Minister of the Interior
- In office 8 July 1989 – 15 December 1990
- President: Carlos Menem
- Preceded by: Juan Carlos Pugliese
- Succeeded by: Julio Mera Figueroa

Minister of Health
- In office 15 December 1989 – 20 September 1990
- President: Carlos Menem
- Preceded by: Antonio Erman González
- Succeeded by: Alberto Kohan

National Deputy
- In office 10 December 1987 – 8 July 1989
- Constituency: Mendoza

National Senator
- In office 5 June 1996 – 10 December 1999
- Constituency: Mendoza

Personal details
- Born: 16 November 1939 Mendoza, Argentina
- Died: 17 February 2019 (aged 79) Mendoza, Argentina
- Resting place: Parque de Descanso de Guaymallén
- Party: Justicialist Party
- Education: Universidad de Mendoza
- Profession: Lawyer

= Eduardo Bauzá =

Argentine lawyer and politician (1939–2019)

Eduardo Bauzá (16 November 1939 – 17 February 2019) was an Argentine lawyer and politician who served as minister of health and minister of the interior during Carlos Menem's presidency and was later the first chief of the Cabinet of Ministers. He was also an Argentine senator from 1996 to 1999.

==Education and career==
Eduardo Bauzá graduated from the Universidad de Mendoza and started his political career in Mendoza Province. He was appointed to his first political office in 1973 in La Rioja Province as the secretary of development, under Governor Carlos Menem. Menem and Bauzá were deposed during the 1976 Argentine coup d'état, and Bauzá was detained by the National Reorganization Process a few months later. He was under arrest from May 1976 to April 1977. He resumed his political career in 1982 and helped establish the "Federalismo y liberación" ("Federalism and liberation"; FyL) faction within the Justicialist Party (PJ), led by Menem. They both ran in the primary election in 1983 and lost to Ítalo Argentino Lúder. Parallel to that, Bauzá ran in the PJ primary election for governor that year and lost to Carlos Motta.

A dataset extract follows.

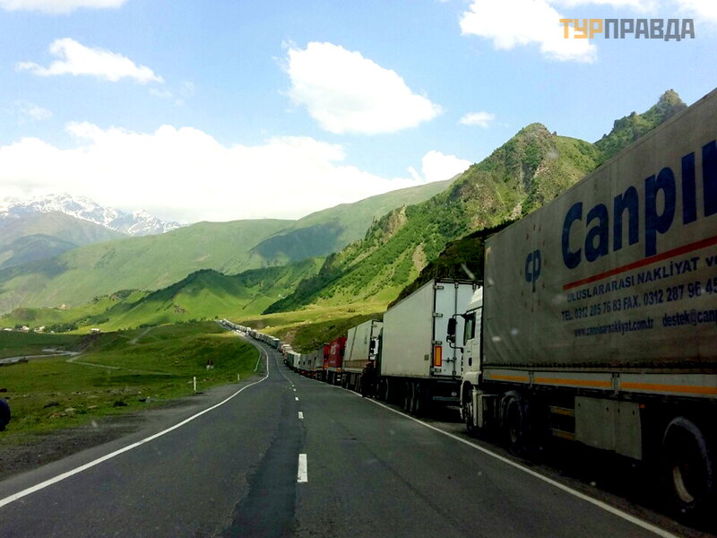 Kelis kartus teko sustoti pakeliui fotosesijai, paskui apsipirkti (nepraleidau progos į sigyti man taip patikusio tlapi), todė l Gruzijos sieną pravaž iavome apie 15. Š tai ir buvome bė doje – neutralioje zonoje susidarė solidus spū stis nuo automobilių , kurių ilgis siekia beveik du kilometrus. Jau prie rusiš ko už tvaro, kai mū sų kantrybė jau beveik baigė si, suž inojome, kad po 2 valandų , pravaž iavus Kazbeką , ten nusirito purvas ir eismas buvo paralyž iuotas. Pasisekė ir č ia) po tokių ž inių net apsidž iaugė me, kad tuo metu buvome prie Rusijos sienos. Nepaisant to, 18:00 į važ iavome į Rusijos Federacijos teritoriją .
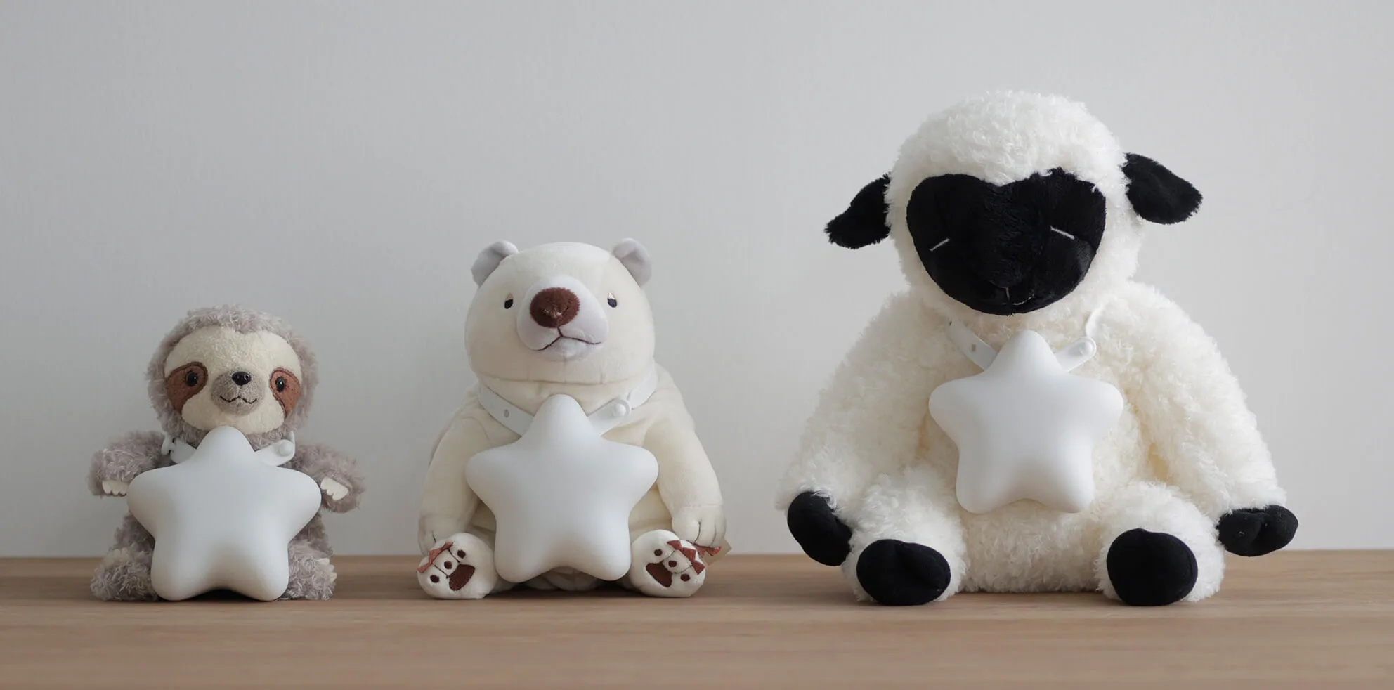 えほんライトはお気に入りのぬいぐるみに取り付けられ、あたたかい光で絵本を照らすことができます。 ※対応ぬいぐるみサイズ 首回り約15~25cm

He was elected as a deputy for Mendoza in 1987. He resigned to organize the political campaign of Menem for the 1989 Argentine general election, which Menem won. After the election, Bauzá was appointed minister of interior. He served for six months, and then moved to the Ministry of Health. During his tenure, a controversy known as the “Smock scandal” (Spanish: Escándalo de los guardapolvos) emerged. The government had purchased 500,000 school smocks at inflated prices but delivered only about ten percent, despite receiving full advance payments. In 2005, Eduardo Bauzá was acquitted of wrongdoing by Judge María Romilda Servini de Cubría.

== Later career and retirement ==
After several months, Bauzá served as general secretary of the presidency. The 1994 amendment of the Constitution of Argentina created the office of the Chief of the Cabinet of Ministers; Bauzá was the inaugural holder in 1995. He resigned in 1996, suffering Hepatitis C. He was subsequently elected senator. In 1999, he ended his term, retired from politics, and returned to the province of Mendoza.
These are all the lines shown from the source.